Return nothing but the lines from the one with "通过花费一定真气或金子、金券,即可有一定几率提升宠物的各项资质" through the one with "sie macht den" in the data below, word for word and without pictures.

--- SOURCE INFORMATION Enclosed Below ---

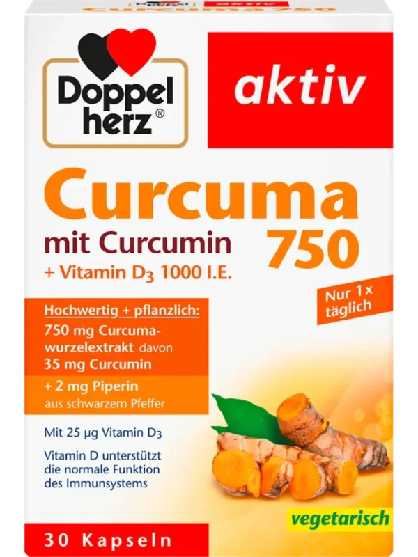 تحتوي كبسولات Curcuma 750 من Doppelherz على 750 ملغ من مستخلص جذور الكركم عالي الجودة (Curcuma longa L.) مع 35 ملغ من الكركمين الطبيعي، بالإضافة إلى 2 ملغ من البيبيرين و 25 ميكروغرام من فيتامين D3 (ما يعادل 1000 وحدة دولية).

--- End of Enclosed SOURCE INFORMATION ---
--- SOURCE INFORMATION Enclosed Below ---

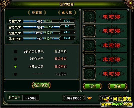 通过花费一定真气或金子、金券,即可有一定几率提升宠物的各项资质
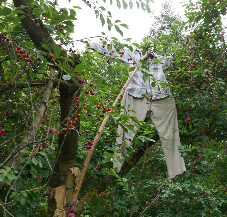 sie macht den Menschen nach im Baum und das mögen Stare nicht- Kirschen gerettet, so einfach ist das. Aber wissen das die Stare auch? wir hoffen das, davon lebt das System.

--- End of Enclosed SOURCE INFORMATION ---
--- SOURCE INFORMATION Enclosed Below ---

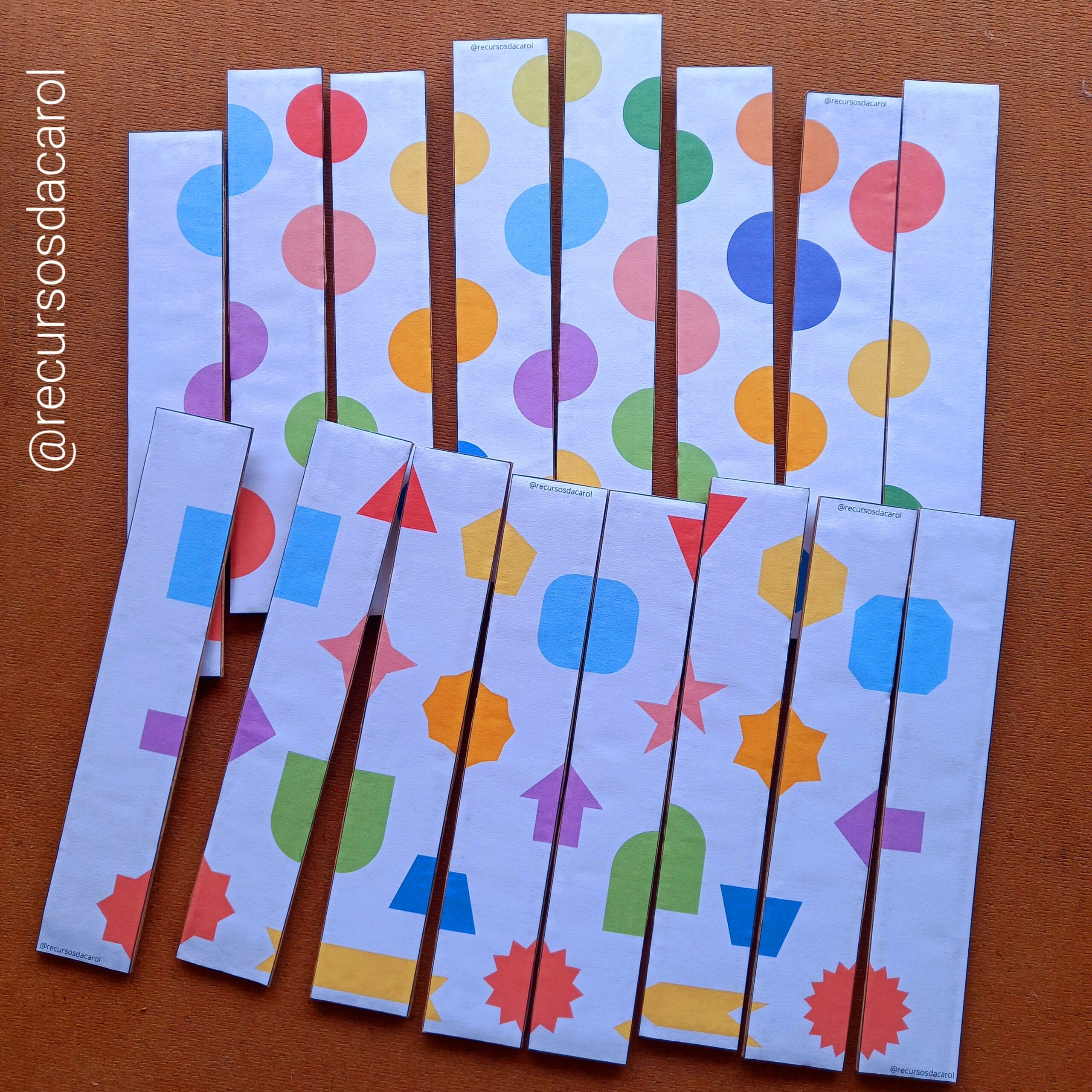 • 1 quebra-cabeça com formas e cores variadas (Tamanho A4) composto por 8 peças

--- End of Enclosed SOURCE INFORMATION ---

WRITTEN RESPONSE ▸
 通过花费一定真气或金子、金券,即可有一定几率提升宠物的各项资质
 sie macht den Menschen nach im Baum und das mögen Stare nicht- Kirschen gerettet, so einfach ist das. Aber wissen das die Stare auch? wir hoffen das, davon lebt das System.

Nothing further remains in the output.